Then, however, came Christianity. As Robert Nisbet writes in his book History of the Idea of Progress, Christian thinkers gave “to the idea of progress a large and devoted following in the West and a sheer power that the idea could not have otherwise [in the absence of Christian beliefs] acquired.” The Greeks thought that the accumulation of human knowledge led to a mild, temporary improvement in the human condition—but only between conflagrations. But Christian philosophers “endowed the idea of progress with new attributes which were bound to give it a spiritual force unknown to their pagan predecessors.”
Christianity, then, offers unparalleled resources for cultural hope. (We are not for the moment talking about individual hope—hope for life after death. We are talking about corporate hope, social hope, hope for the future of society, of the human race—hope for a good direction to history.) Looking at the arc of history through the lens of Christ’s resurrection, we can make four broad statements about the nature of Christian hope: It is uniquely reasonable, full, realistic, and effective.
Christian hope is reasonable
First, there is formidable historical evidence that the resurrection of Christ actually happened. This makes Christian hope different from any other variety.
N. T. Wright explains that the resurrection of Christ presents evidence that demands explanation from historians and scientists. It can’t simply be dismissed. He writes, “Insofar as I understand scientific method, when something turns up that doesn’t fit the paradigm you’re working with, one option … is to change the paradigm.” We are not to exclude the evidence just because our old paradigm can’t account for it, but we are to include it within a new paradigm, “a larger whole.” A failure to provide a historically plausible alternative explanation for the eyewitness accounts and the revolutionary, overnight worldview change of thousands of Jews is not being more scientific—it is being less so.
Various kinds of Western progressivism believe history is moving toward more individual freedom or class equality or economic prosperity or technologically acquired peace and justice. But these views are not hypotheses that anyone can test. They are “hope so” hopes—beliefs that are not rooted in the empirical realm. The resurrection of Christ, however, includes powerful evidence from the empirical realm and, while still requiring faith, provides a highly reasonable, rational hope that there is a God who is going to renew the world.
Christian hope is full
Every religion has offered people a hope for a life after death. Our secular culture, in radical contrast, is the first in history to tell its members that both individuals and world history will end in ultimate oblivion. In the end, we go to nothing, both as a civilization and as persons.

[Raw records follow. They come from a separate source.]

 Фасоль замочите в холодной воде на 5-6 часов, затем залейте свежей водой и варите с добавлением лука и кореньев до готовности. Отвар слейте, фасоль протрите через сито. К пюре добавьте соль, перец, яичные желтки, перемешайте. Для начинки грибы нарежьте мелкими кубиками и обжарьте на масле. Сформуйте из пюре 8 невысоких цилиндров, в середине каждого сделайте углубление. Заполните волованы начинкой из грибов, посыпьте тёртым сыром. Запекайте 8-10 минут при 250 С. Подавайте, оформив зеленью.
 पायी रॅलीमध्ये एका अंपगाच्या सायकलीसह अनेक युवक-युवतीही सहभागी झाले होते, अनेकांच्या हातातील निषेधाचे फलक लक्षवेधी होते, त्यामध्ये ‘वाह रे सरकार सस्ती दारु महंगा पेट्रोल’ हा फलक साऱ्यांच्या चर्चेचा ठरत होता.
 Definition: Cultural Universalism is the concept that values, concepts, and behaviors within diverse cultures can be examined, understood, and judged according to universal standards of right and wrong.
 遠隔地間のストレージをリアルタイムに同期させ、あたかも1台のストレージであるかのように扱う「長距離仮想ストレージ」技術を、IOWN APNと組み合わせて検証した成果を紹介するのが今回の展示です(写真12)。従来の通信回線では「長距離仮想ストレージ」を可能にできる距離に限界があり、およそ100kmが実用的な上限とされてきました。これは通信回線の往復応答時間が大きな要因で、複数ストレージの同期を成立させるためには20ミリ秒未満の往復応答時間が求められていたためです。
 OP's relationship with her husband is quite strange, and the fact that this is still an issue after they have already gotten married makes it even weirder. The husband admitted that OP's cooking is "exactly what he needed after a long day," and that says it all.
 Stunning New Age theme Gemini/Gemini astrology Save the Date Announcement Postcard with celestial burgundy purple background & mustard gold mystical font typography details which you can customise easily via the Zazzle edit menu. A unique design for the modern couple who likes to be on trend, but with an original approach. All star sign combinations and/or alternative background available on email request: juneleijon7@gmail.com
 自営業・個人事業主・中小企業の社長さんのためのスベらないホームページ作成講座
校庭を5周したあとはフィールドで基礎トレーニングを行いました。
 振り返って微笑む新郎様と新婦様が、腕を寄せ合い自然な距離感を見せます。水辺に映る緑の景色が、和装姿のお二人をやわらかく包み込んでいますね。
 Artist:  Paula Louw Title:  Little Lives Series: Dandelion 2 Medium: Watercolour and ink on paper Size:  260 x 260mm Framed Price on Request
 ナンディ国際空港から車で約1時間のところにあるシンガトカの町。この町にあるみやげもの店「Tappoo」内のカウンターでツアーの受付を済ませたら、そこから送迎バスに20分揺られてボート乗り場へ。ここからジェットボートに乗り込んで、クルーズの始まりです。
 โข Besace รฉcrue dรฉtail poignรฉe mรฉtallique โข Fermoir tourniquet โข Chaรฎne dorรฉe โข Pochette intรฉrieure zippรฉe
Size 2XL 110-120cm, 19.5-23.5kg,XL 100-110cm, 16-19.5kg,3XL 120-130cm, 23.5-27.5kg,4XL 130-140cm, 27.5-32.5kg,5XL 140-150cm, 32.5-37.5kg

Other religions are ultimately “spirit-ist” in the sense that they believe matter is unimportant and in the end all that will exist is spirit. Secularism, of course, is materialist in its belief that there is no soul or supernatural reality, that everything has a scientific, physical cause.
Christianity differs from both. It does not merely offer the prospect of a wholly spiritual future in heaven. The resurrection of Jesus, to cite the Greek New Testament, is arrabon, a down payment, and aparche, the firstfruits of a future physical resurrection in which the material world will be renewed. It will be a world where justice dwells, every tear will be wiped away, death and destruction are banished forever, and the wolf will lie down with the lamb; these are lyrical, poetic ways of saying that this world will be mended, made new, liberated from its bondage to death and decay (Rom. 8:18–23).

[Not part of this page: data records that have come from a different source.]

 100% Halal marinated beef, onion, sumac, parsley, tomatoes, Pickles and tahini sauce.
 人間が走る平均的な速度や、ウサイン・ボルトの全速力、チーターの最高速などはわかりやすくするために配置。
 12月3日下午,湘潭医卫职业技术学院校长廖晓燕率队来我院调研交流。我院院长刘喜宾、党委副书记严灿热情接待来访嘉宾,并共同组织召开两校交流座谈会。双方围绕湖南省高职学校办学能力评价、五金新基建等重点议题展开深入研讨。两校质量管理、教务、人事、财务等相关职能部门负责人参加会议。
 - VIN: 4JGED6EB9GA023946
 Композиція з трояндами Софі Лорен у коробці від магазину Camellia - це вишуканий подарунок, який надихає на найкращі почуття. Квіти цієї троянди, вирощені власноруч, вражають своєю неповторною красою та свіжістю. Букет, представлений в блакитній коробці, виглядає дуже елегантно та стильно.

This is the fullest possible hope. The resurrection of Christ promises us not merely some future consolation for the life we lost but the restoration of the life we lost and infinitely more. It promises the world and life that we have always longed for but never had.
Christian hope is realistic
The philosophy of G. W. F. Hegel has long been highly influential for Western thought. Hegel taught that history was proceeding through a “dialectic” in which, in each age, conflicting forces reached a new, greater synthesis. This meant that every age was better than the one before and history was moving upward in a series of unbroken steps. That, as we have seen over the last century, is simply unrealistic. Christianity offers an infinitely greater and more wonderful destiny for human history and society, but it does so realistically.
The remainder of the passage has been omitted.